Work request: Write out the data exactly as given, dropping every picture.

Data:
- - -
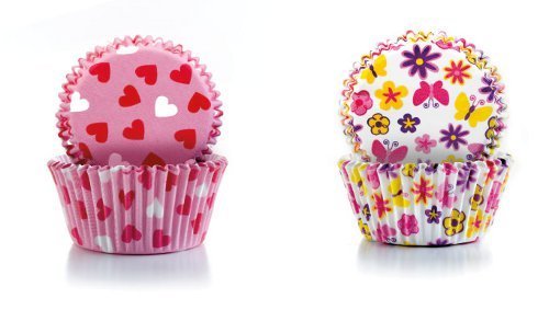 Cukrářské košíčky z papíru, který nepropouští mastnotu, použitelné i na pečení muffin. Dva barevné dekory – kytičky a srdíčka, každý po 50 kusech.
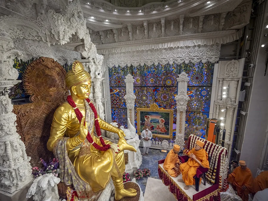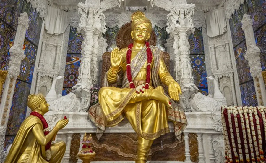 Skulpturerne i Akshardham-templet kan beskrives som en "historie om hinduistisk civilisation i sten". Fra den gigantiske statue af Bhagwan Swaminarayan, en hinduistisk åndelig leder fra det 19. århundrede, der er indviet i hovedhallen, til den 14 meter høje bronzestatue af Nilkanth Varni ved indgangen til parken, bærer hver statue religiøse fortællinger og kulturelle symboler. For eksempel står statuen af Nilkanth Varni på én fod med fodsålen opad i en yogastilling og genskaber helgenens 13.000 kilometer lange asketiske rejse fra 1792 til 1799, som varede i syv år. Dens dynamiske detaljer og religiøse implikationer er evigt frosset ind gennem kobberteksturen.
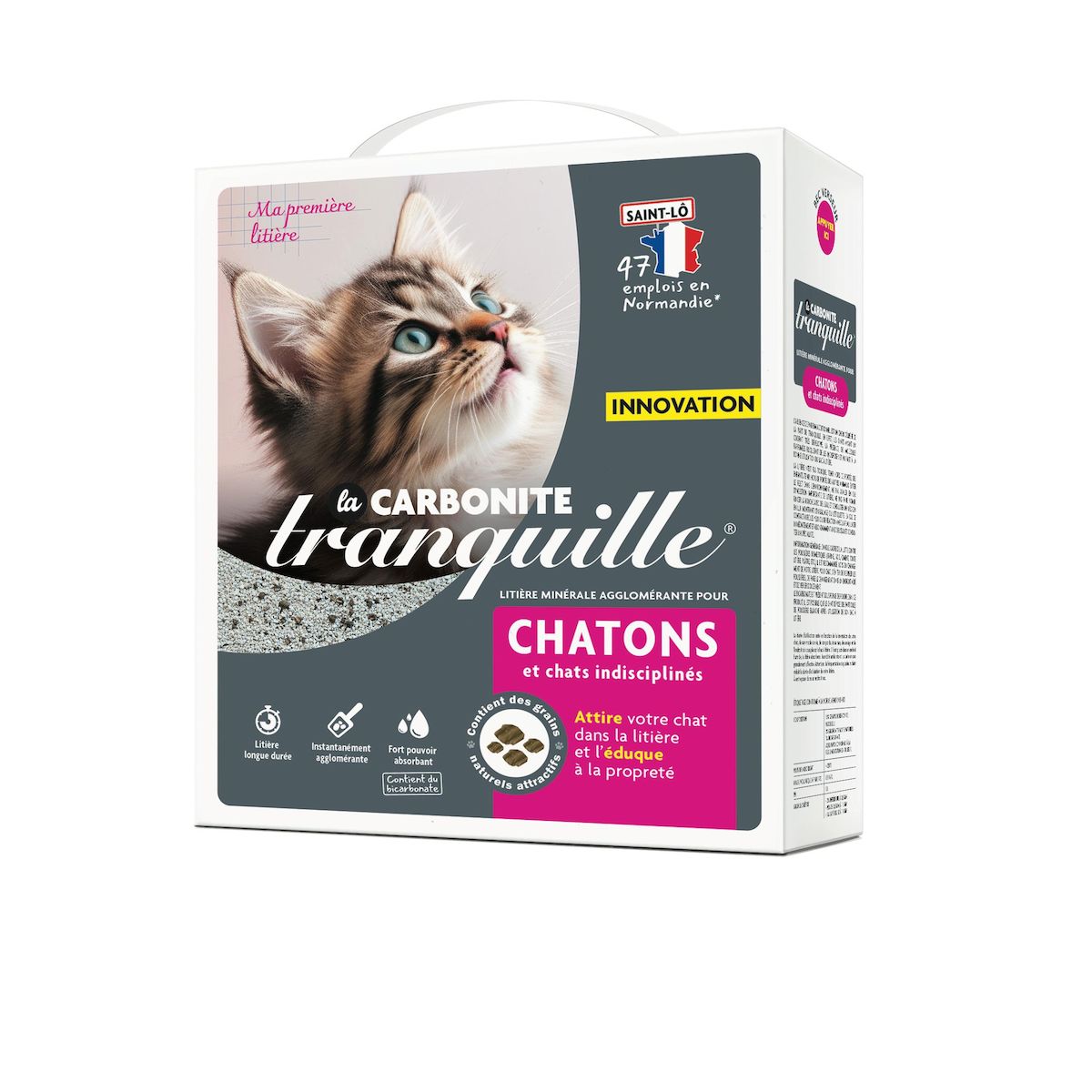 litière minérale longue durée agglomérante, avec des grains attractifs naturels pour éduquer le jeune chat à sa litière.
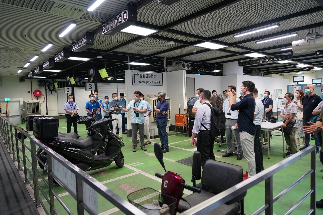交通咨询委员会一行19人于日前(8月29日)参观澳门摩托车检验中心,期间交通事务局介绍新验车系统及设备,以及流程优化安排,委员们基本认同,并对设备及流程等提出建议。
- - -
Written response:
 Cukrářské košíčky z papíru, který nepropouští mastnotu, použitelné i na pečení muffin. Dva barevné dekory – kytičky a srdíčka, každý po 50 kusech.
 Skulpturerne i Akshardham-templet kan beskrives som en "historie om hinduistisk civilisation i sten". Fra den gigantiske statue af Bhagwan Swaminarayan, en hinduistisk åndelig leder fra det 19. århundrede, der er indviet i hovedhallen, til den 14 meter høje bronzestatue af Nilkanth Varni ved indgangen til parken, bærer hver statue religiøse fortællinger og kulturelle symboler. For eksempel står statuen af Nilkanth Varni på én fod med fodsålen opad i en yogastilling og genskaber helgenens 13.000 kilometer lange asketiske rejse fra 1792 til 1799, som varede i syv år. Dens dynamiske detaljer og religiøse implikationer er evigt frosset ind gennem kobberteksturen.
 litière minérale longue durée agglomérante, avec des grains attractifs naturels pour éduquer le jeune chat à sa litière.
交通咨询委员会一行19人于日前(8月29日)参观澳门摩托车检验中心,期间交通事务局介绍新验车系统及设备,以及流程优化安排,委员们基本认同,并对设备及流程等提出建议。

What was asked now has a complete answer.